Grimacing, the paramedic said, “We won’t be able to check that until we get her to the hospital. I don’t see any ID on her. I’m going to call in the cops, see if they’ve had a missing persons report on her. And to see what they want to do with him.”
Carson flinched at his glare.
Trish backed away. “If I tried to break up with you—would you have done that to me too?” Her mouth twisted with unspoken accusations. Then, she fled.
Carson thought he’d make his own zombie slave girlfriend, then somehow wasn’t satisfied at the results. She probably wasn’t real good in bed. He’d probably done it, too—had sex with Beth’s brain-damaged, comatose body. The cops couldn’t get here fast enough, in my opinion.
“There’s two parts to it,” I said. “The powder creates the zombie. But then there’s the spell to bind her to you, to bind the slave to the master. Some kind of object with meaning, a receptacle for the soul. You have it. That’s why she followed you. That’s why she wouldn’t stay away.” The salt hadn’t broken that bond. She’d regained her will—but the damage was too great for her to do anything with it. She knew enough to recognize him and what he’d done to her, but could only cry out helplessly.
He reached into his pocket, pulled something out. He opened his fist to reveal what.
A diamond engagement ring lay in his palm.

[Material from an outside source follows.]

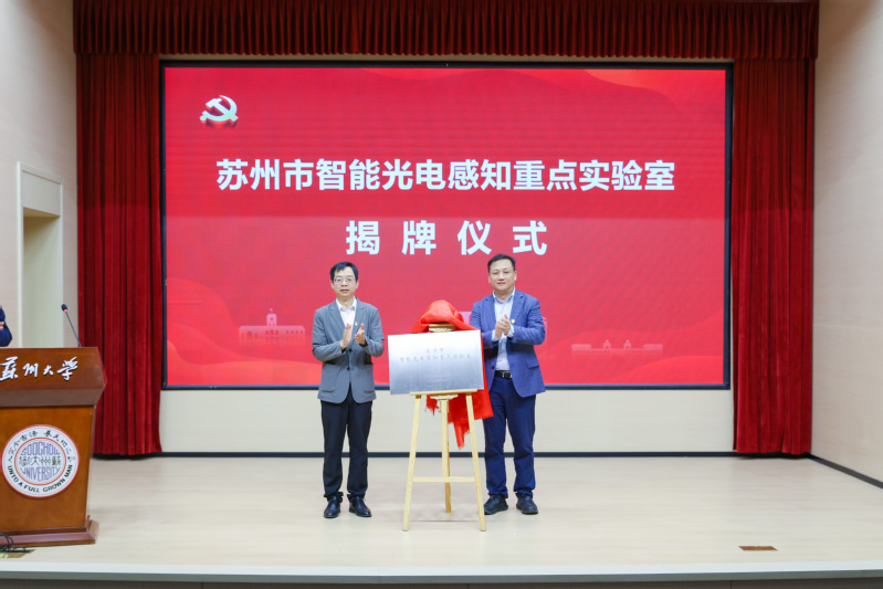 会上,张正彪和廖希明为“苏州市智能光电感知重点实验室”揭牌,校党委常委、党委组织部部长、校长办公室主任于毓蓝和仲晓晨为“光子产业链党建共同体”揭牌,校党委研究生工作部部长茅海燕和仲晓晨为首批“光子产业链党建共同体”成员单位授牌。同时,萝莉社 实习实践基地授牌仪式、光链先锋”党员突击队授旗仪式一并举行。
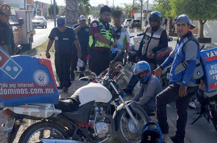 NUEVO LAREDO, TAM.- Con lesiones que ameritaron su traslado a un hospital resultó un repartidor de pizzas, al derrapar cuando circulaba por calles de la colonia del Issste.

Beth reacted, arcing her back, flailing, moaning. The paramedics freaked, pinned her arms, jabbed her with a hypodermic. She settled again, whimpering softly.
I took the ring from Carson. He glared at me, the first time he’d really looked at me. I didn’t see remorse in his eyes. Only fear. Like Victor Frankenstein, he’d created a monster and all he could do when confronted with it was cringe in terror.
“Matt, you have a string or a shoelace or something?”
“Yeah, sure.”
He came back with a bootlace fresh out of the package. I put the ring on it, knotted it, and slipped it over Beth’s head. “Can you make sure this stays with her?” I asked the paramedics. They nodded.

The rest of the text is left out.